__Stored items from a collection__:

************

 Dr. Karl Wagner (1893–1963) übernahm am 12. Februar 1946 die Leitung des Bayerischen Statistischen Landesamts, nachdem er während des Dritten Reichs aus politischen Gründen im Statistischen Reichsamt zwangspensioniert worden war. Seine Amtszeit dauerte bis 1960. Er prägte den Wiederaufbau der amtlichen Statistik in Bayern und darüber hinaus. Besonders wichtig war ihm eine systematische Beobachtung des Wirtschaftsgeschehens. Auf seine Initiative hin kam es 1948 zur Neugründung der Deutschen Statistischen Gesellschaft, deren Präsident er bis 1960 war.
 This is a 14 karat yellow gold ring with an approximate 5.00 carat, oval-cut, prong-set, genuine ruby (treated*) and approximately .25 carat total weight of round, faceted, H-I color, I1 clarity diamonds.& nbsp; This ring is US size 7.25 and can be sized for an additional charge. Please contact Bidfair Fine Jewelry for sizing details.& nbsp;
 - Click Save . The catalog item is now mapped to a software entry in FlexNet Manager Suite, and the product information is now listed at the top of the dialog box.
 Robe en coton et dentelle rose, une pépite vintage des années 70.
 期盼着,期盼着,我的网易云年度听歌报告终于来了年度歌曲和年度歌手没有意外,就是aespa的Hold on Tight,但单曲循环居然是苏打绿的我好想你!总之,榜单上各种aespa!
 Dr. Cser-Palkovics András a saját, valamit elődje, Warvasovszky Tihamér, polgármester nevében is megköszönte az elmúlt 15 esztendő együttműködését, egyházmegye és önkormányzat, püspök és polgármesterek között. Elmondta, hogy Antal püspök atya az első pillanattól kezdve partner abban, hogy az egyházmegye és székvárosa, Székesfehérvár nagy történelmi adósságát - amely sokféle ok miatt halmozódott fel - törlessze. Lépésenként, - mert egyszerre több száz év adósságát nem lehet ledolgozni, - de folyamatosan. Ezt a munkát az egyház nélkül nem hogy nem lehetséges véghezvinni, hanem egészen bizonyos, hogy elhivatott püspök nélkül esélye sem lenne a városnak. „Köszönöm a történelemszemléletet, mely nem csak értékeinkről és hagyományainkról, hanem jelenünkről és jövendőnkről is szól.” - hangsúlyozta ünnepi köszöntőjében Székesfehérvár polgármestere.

************

__WORK INSTRUCTIONS__: Print the lines of the entries, exactly, from the one containing "Robe en coton" down to the final line, and leave out all the others.

__EXERCISE RESULT__:
 Robe en coton et dentelle rose, une pépite vintage des années 70.
 期盼着,期盼着,我的网易云年度听歌报告终于来了年度歌曲和年度歌手没有意外,就是aespa的Hold on Tight,但单曲循环居然是苏打绿的我好想你!总之,榜单上各种aespa!
 Dr. Cser-Palkovics András a saját, valamit elődje, Warvasovszky Tihamér, polgármester nevében is megköszönte az elmúlt 15 esztendő együttműködését, egyházmegye és önkormányzat, püspök és polgármesterek között. Elmondta, hogy Antal püspök atya az első pillanattól kezdve partner abban, hogy az egyházmegye és székvárosa, Székesfehérvár nagy történelmi adósságát - amely sokféle ok miatt halmozódott fel - törlessze. Lépésenként, - mert egyszerre több száz év adósságát nem lehet ledolgozni, - de folyamatosan. Ezt a munkát az egyház nélkül nem hogy nem lehetséges véghezvinni, hanem egészen bizonyos, hogy elhivatott püspök nélkül esélye sem lenne a városnak. „Köszönöm a történelemszemléletet, mely nem csak értékeinkről és hagyományainkról, hanem jelenünkről és jövendőnkről is szól.” - hangsúlyozta ünnepi köszöntőjében Székesfehérvár polgármestere.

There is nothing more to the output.